Logs (Loki / LogQL) — datasource loki_ds_001:
{service_name="manager"} # recent manager logs
{service_name="manager"} |= "error" # errors only
{service_name="agent"} | json | level="ERROR" # structured (JSON) filter
{service_name="manager"} |= "<request-id>" # trace one request end-to-end
Metrics (Prometheus / PromQL) — datasource prom_ds_001:
up # which targets are healthy
backendai_api_request_count # REST request counter
rate(backendai_api_request_count[1m]) # request rate
backendai_api_request_duration_sec_bucket # API latency histogram
backendai_graphql_request_count # GraphQL operation counter
Metric definitions live in src/ai/backend/common/metrics/metric.py
(backendai_api_request_*, backendai_graphql_request_*); component-specific metrics
under src/ai/backend/{manager,agent,storage}/metrics/.

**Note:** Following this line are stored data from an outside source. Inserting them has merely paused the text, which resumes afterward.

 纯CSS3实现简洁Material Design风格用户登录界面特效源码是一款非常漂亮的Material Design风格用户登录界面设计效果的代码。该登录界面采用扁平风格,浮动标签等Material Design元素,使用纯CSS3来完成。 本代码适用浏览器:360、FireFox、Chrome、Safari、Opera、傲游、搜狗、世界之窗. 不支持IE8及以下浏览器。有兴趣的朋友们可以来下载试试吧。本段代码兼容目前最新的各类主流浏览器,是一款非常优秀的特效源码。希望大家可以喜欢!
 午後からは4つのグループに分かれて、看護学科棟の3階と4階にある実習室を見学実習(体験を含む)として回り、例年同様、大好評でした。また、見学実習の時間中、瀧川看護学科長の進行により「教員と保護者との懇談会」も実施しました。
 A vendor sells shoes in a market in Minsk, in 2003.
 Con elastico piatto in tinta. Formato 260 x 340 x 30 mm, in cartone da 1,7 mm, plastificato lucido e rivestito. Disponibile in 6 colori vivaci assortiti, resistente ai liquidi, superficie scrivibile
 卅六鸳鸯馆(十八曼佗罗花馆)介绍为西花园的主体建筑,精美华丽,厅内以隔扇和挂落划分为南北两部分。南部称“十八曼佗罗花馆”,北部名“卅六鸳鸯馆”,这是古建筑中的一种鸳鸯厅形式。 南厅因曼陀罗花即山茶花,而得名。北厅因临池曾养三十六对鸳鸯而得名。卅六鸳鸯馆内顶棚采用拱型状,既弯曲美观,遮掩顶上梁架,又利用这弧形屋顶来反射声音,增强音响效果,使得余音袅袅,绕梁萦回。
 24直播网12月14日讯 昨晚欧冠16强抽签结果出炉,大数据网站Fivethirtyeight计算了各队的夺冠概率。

Dashboards / traces / profiles: the pre-built dashboard is provisioned from
grafana-dashboards/dashboard.json (discover via search_dashboards). Tempo
(tempo_ds_001) holds distributed traces; Pyroscope (pyroscope_ds_001) holds profiles.
Standard Verification Loop
After a code change:
- Restart the affected service —
./dev restart mgr (see /local-dev).
- Exercise it — e.g. a
./bai call (see /bai-cli).
- Observe via Grafana MCP: query Loki for that
service_name to confirm the request
ran without errors, and Prometheus to confirm the expected metric moved.
This replaces tailing console output — always confirm runtime behavior through the MCP.
Related Skills
/local-dev — Restart services before observing.
/bai-cli — Exercise the API, then verify logs/metrics here.
/halfstack — Bring up / inspect the observability containers.